Akaraka, status and university elitism in Korea

A few weeks ago a small group of young Koreans approached us on a busy street of Jeonju. They were all undergrad students spending a weekend together surveying foreigners for touristic data and getting them to sign a carton cut-out turned into a giant visitors book. After exchanging names and nationalities, they were surprise to see a group as diverse as ours. It begged the question: ’how did you all get together?’ … ‘we’re all Yonsei students‘.

We knew what followed. They unisonaly wowed and after holding their voices for a few more seconds another student stepped forward and added that his cousin was also studying at Yonsei. The group nodded in approbation.

This is just one of the many situations SKY students are used to in Korea, a nation glutted with graduates. For Koreans in their early 20s, not being a student is out of the question: 82% of all high school students go to University, highest rate of all OECD countries, and out of Korea’s 50M inhabitants, 3.8M are currently university students.

When the GFC began dooming Europe’s economies in 2008, reports on Spain’s overqualified workers mushroomed. My sensitivities for skill imbalances heightened, nothing worried me more than the looming job prospects before my eyes. But looking at Korea’s case, I’d say they are already ahead of us and even got there faster: “as late as 1977, fewer than 5 percent of Korean 18- to 22-year-olds went to college.”

In short, this is the story of how South Korea has come to count 40 public universities and more than 400 private colleges. Many of these will have to shut their doors in the coming years as the birth rate continues to plummet shrinking the numbers of aspiring graduates. Some estimate than in a few years, university students will outnumber those in high school. Hold on to your seats!

But this is in no-one’s mind yet. The present is a freshmen’s zenith, and these guys have it tougher than in any other modern educated nation. SKY applicants need to be among the top 2% performers in the university entry exams to be considered. Getting into one of the top institutions is more than just a matter of pride and self-achievement: graduates are given preference in civil examinations and other industry-access exams.

Social fragmentation

Aside from undergoing 18 years of parental pressure to become overachievers, young Koreans are socially fragmented since their first day in university.

“All my family wanted me to be was an 이대 girl, but I hated everything about it” That’s how a close friend of mine summed up her brief time as a Korean university student before opting out to Australia to pursue the life and studies she really wanted. She believes university in Korea is barely about a learning endeavour and becoming effective thinkers, it’s all about status.
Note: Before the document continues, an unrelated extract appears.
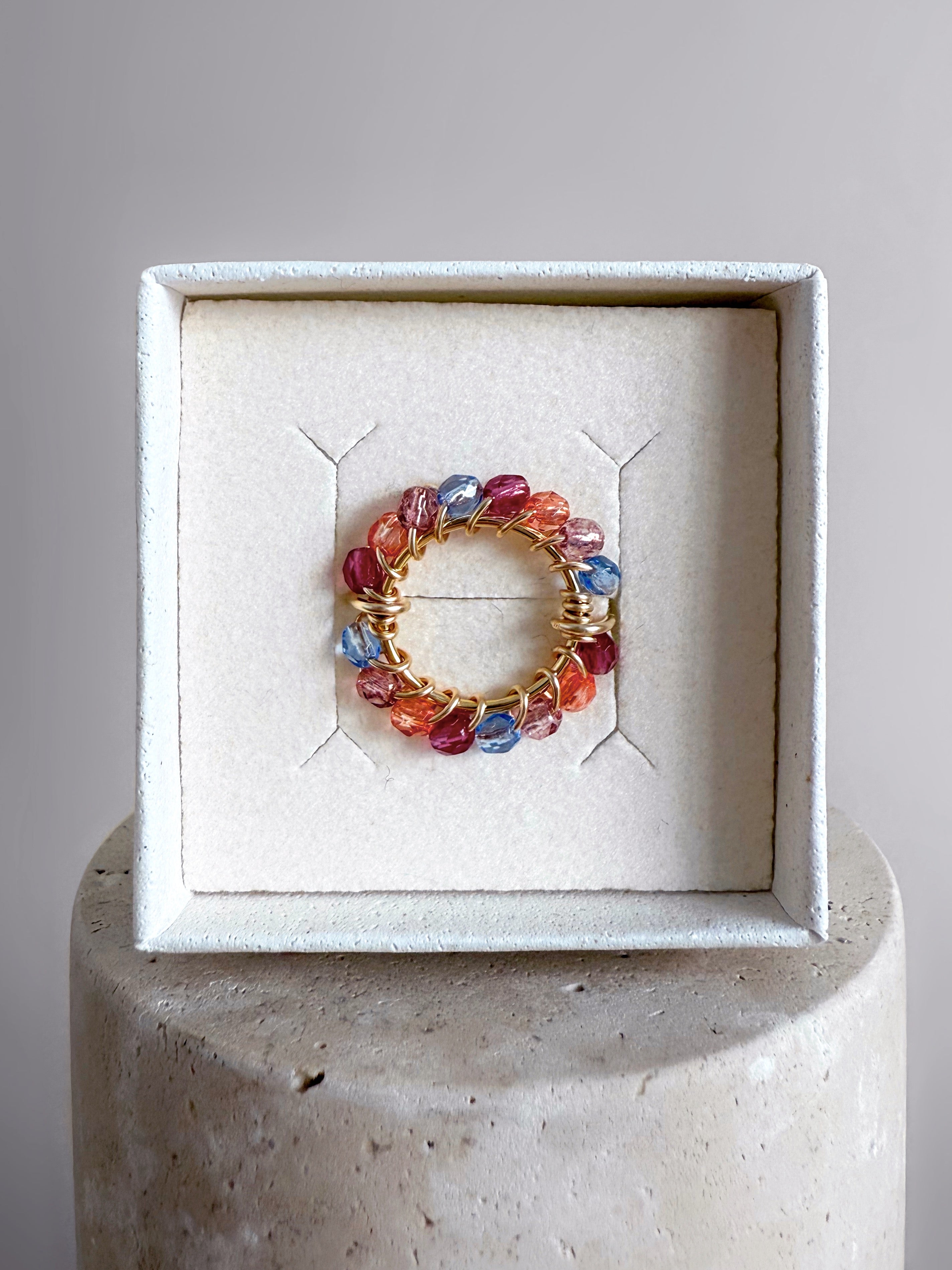 Bague Solaire en perles de verre et or laminé 14 carats.

이데 (I-de) is short for Ewha Womans University, the nation’s most prestigious female institution. Being an 이대 graduate does not only get you a better job but also a wealthier husband, quite possibly a Yonsei graduate. “Girls would reject guys from other universities, they would only date guys attending top institutions.”


“연세여 사랑한다” chanted during the 2011 Akaraka Festival. One of many Yonsei University’s cheering songs.
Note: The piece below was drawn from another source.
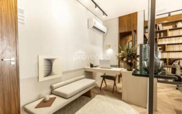 Piso em porcelanato e iluminação com luminárias elegantes, garantindo um ambiente sofisticado e aconchegante.

In the vicinity of these two universities, couples hold hands in black leather jackets, a popular university merchandise that advertises college, major and grad year of the owner. At night, in the same streets, classmates leave bars chanting Yonsei cheers and head for the subway station holding their student IDs, which also function as transport cards at an extra cost.

But if there’s a true instance of university-devotion, that has to be the university yearly festivals. Yonsei for example, organises a 3-day festival every May to commemorate its foundation. The closing ceremony (Akaraka), is an 8-hour sprint of K-Pop and mass cheering that bears similarities with hooligan songs or, ironically, their northern neighbour’s mass festivals.

Whether you think such devotion is justified or not, it’s a celebration of elitism in institutions that aim to “educate leaders who will contribute to humanity”. As I mentioned in the previous post, I am fortunate to be spending a semester here. It truly is a great institution, but its elitist nature and the way it tears young people apart doesn’t cease to shock me.

1 Comment

  • Is it really only the top 2% that get into Yonsei? I had no idea how competitive and elite it was. I’m at Yonsei now, and I know it’s one of the top colleges in the country, but for some reason I didn’t think it was that hard to get into because for foreigners it is ridiculously easy to be accepted. I’m even taking Business classes this coming semester with Korean people I’ve met that are taking my exact class, and now I know for them to get there was probably a lot tougher than me getting there.